> How to complete this task:
Transcribe the whole listing without a single picture.

> Data excerpt:

◇ ◇ ◇ ◇ ◇ ◇ ◇

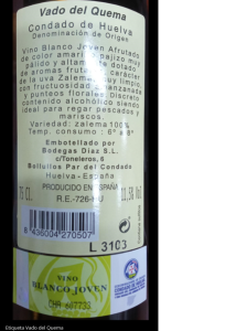 - Vino Vado del Quema blanco afrutado, D.O. Condado de Huelva, uva Zalema, botella 0.7 l.
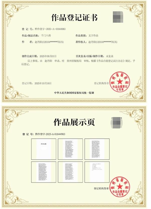 2025年10月16日,赵丹阳完成了对《千门八将》的版权登记,并获得了贵州省版权局下发的证书。这意味着,赵丹阳此后将对“千门八将”有着举足轻重的解释权。
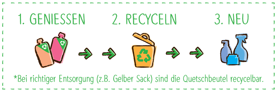 Mit den neuen, verbesserten Quetschbeuteln tun wir der Natur einen großen Gefallen, indem wir sie am besten gleich zu Hause selbst recyceln. ♻️🌳
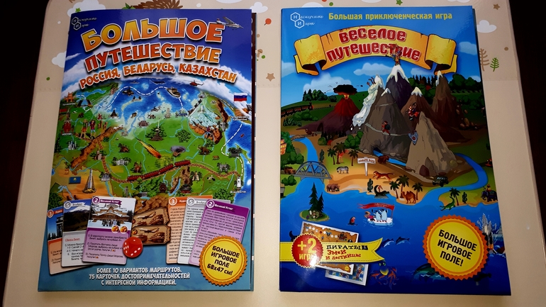 РазноеЭто две игры-ходилки. Веселое путешествие - обычная "кинь-двинь", а в Большом путешествии предлагается 2 варианта игры (простая ходилка и ходилка с использованием карточек).

◇ ◇ ◇ ◇ ◇ ◇ ◇

> Written reply:
 - Vino Vado del Quema blanco afrutado, D.O. Condado de Huelva, uva Zalema, botella 0.7 l.
 2025年10月16日,赵丹阳完成了对《千门八将》的版权登记,并获得了贵州省版权局下发的证书。这意味着,赵丹阳此后将对“千门八将”有着举足轻重的解释权。
 Mit den neuen, verbesserten Quetschbeuteln tun wir der Natur einen großen Gefallen, indem wir sie am besten gleich zu Hause selbst recyceln. ♻️🌳
 РазноеЭто две игры-ходилки. Веселое путешествие - обычная "кинь-двинь", а в Большом путешествии предлагается 2 варианта игры (простая ходилка и ходилка с использованием карточек).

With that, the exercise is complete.